Administrator Guide
Layer 2 Switching Commands 592
• Secondary device fails: All MLAG members’ port information
regarding the secondary device that the primary switch maintains are
removed from the primary switch. Forwarding and control processing
continues on the local MLAG ports on the primary switch. Once the
secondary comes back up again, it starts the keepalive protocol and, if
successful in contacting the primary device, moves to the secondary
state. It then initiates an FDB sync and becomes operational again.

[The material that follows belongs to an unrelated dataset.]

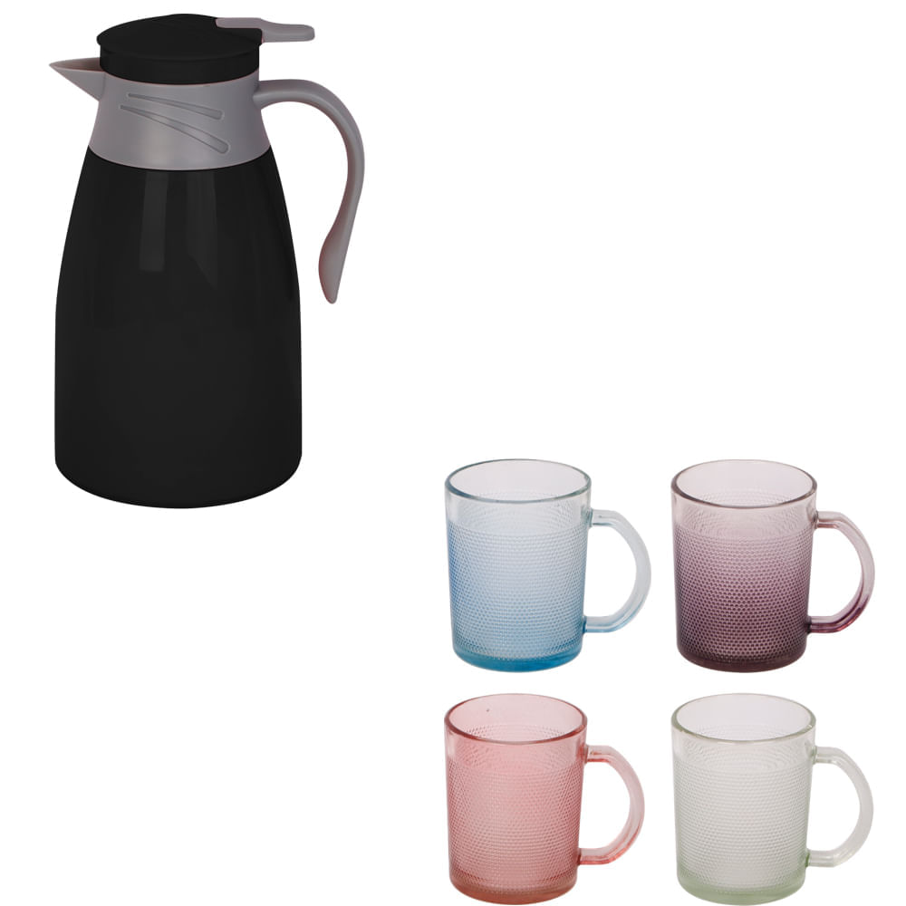 Jogo Garrafa Térmica Preta 1L com 4 Canecas RF4530P
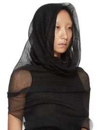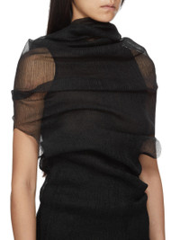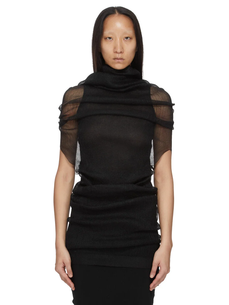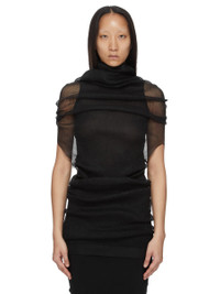 RICK OWENS SS26 TEMPLE TRANSPARENT TUBE IN BLACK RIBBED KNIT THIS TRANSPARENT TUBE IS A PULL ON TOP THAT DRAPES DOWN TO BELOW HIP LENGTH. IT FITS OVER THE HEAD AND SHOULDERS REVEALING THE ARMS AT ELBOW LENGTH. IT HAS A COWL NECK THAT CAN BE WORN DRAPED TOWARDS THE BACK, OR USED AS A HOOD. IT IS COMPLETELY TRANSPARENT. THIS RIBBED LIGHTWEIGHT AND CLASSIC STITCH POLYESTER KNIT HAS A SOFT HANDFEEL. COLOR: BLACK MATERIAL:100% POLYESTER MODEL IS 181CM TALL MODEL WEARS SIZE S

• Primary device fails: The secondary device transitions to primary state
and continues forwarding traffic on its local MLAG ports. It also starts
processing control messages. The MLAG connected devices see a
change in the source MAC address. Once the peer device comes up
again, it starts the keepalive protocol and transitions to the secondary
state.
• The peer-link fails: This occurs when either switch cannot contact the peer
through the peer keepalive protocol and the DCPDP protocol. The
secondary switch transitions to a primary role which results in two primary
switches. Both primaries continue forwarding traffic. Each primary also
processes control traffic and sends LACP and BPDU packets with a unique
source MAC address (the system MAC of the local switch). The MLAG
connected devices become aware that they are connected to two devices
and, if LACP is enabled, block the links to one of the peers as a new actor
ID is received. STP re-convergence may also occur in this scenario.
Example
console(config)#vpc domain 1
console(config-vpc 1)#peer-keepalive enable
console(config-vpc 1)#peer-keepalive destination 192.168.0.2 source
192.168.0.1
console(config-vpc 1)#peer detection enable
console(config-vpc 1)#exit
peer-keepalive timeout
Use this command to configure the peer keepalive timeout value, in seconds.
Use the no form of this command to return the timeout value to the default.